The remaining loans in forbearance were made up of 21.32% in the initial phase while 1.92% are forbearance re-entries.

Overall, the MBA estimates 2.7 million homeowners are still in some form of mortgage forbearance.

Last week, Fratantoni urged borrowers to contact their servicers for relief and access to options. However, for the third week in a row, the number of borrowers who did not make all of their monthly payments and exited forbearance without a loss mitigation plan in place rose to 12.9% from 12.8% the week prior. That number encompasses those who have exited forbearance from the period of June 1 through Nov. 1.
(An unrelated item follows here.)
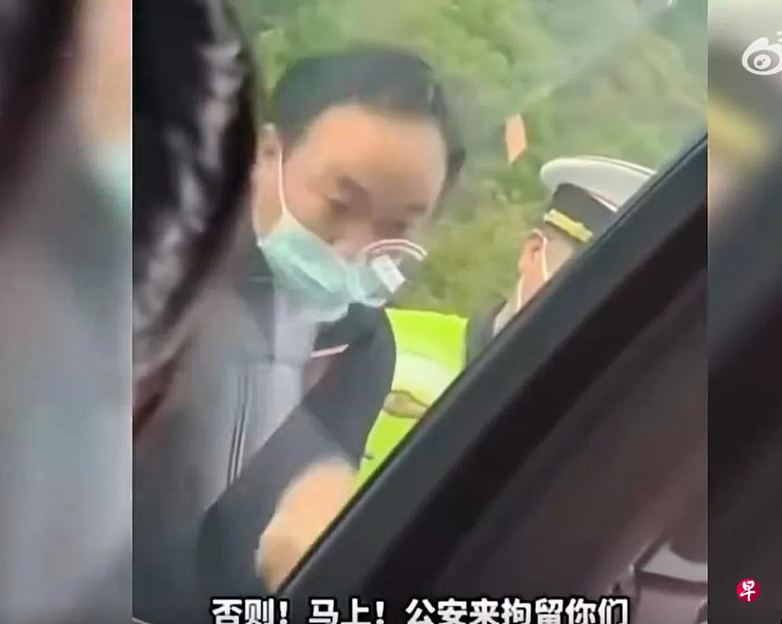 视频中,李先凯佩戴口罩站在车门外,对车内的人说:“回去!离开!不准在这儿!否则马上公安来拘留你们!”“你不是我们这儿的人,你到我们这来干啥!”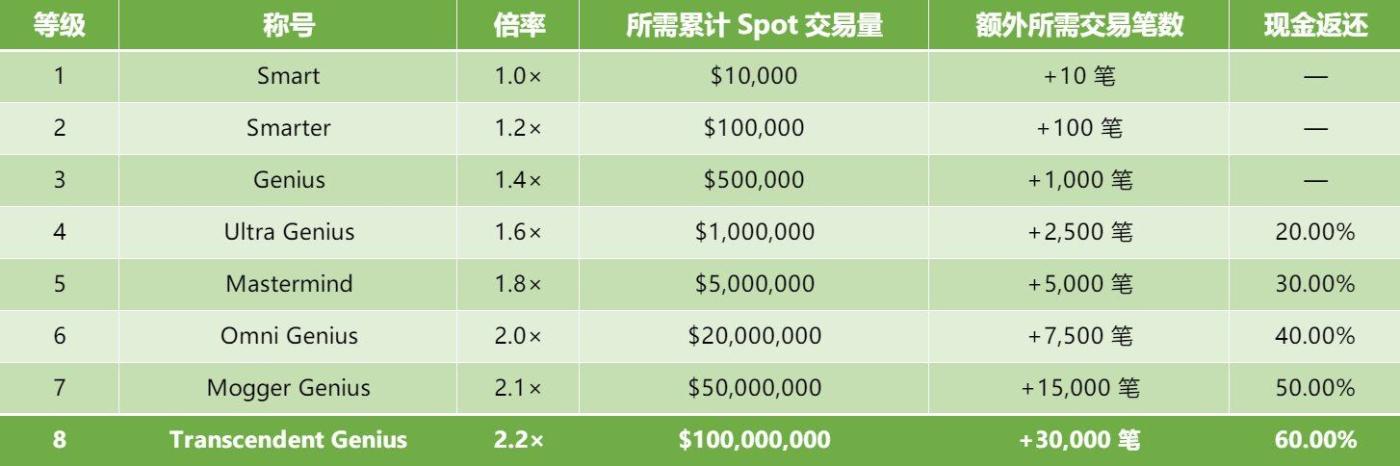 - Hệ số nhân cơ bản và hệ số nhân chuỗi thắng áp dụng cho giao dịch hợp đồng spot và hợp đồng vĩnh cửu của người dùng (điểm thưởng giới thiệu không được bao gồm).

Of the cumulative forbearance exits for the same time period, 30.5% were borrowers who continued to make their monthly payments during their forbearance period. That number is down from 30.6% reported in the week prior.

Despite the slight uptick in forbearances, Fratantoni noted incoming housing market data has shown resilience reflected in existing-home sales for October reaching their fastest pace since 2005

“However, renewed weakness in the latest job market data indicate that many homeowners are continuing to experience severe hardships due to the pandemic and still need the support that forbearance provides,” Fratantoni said.

But that deadline is fast approaching. The housing industry is a little over a month away now from its cutoff for single-family homeowners to request forbearance through Dec. 31, 2020, for loans backed by the FHA and the Federal Housing Finance Agency – the same day the foreclosure moratoria are also set to expire.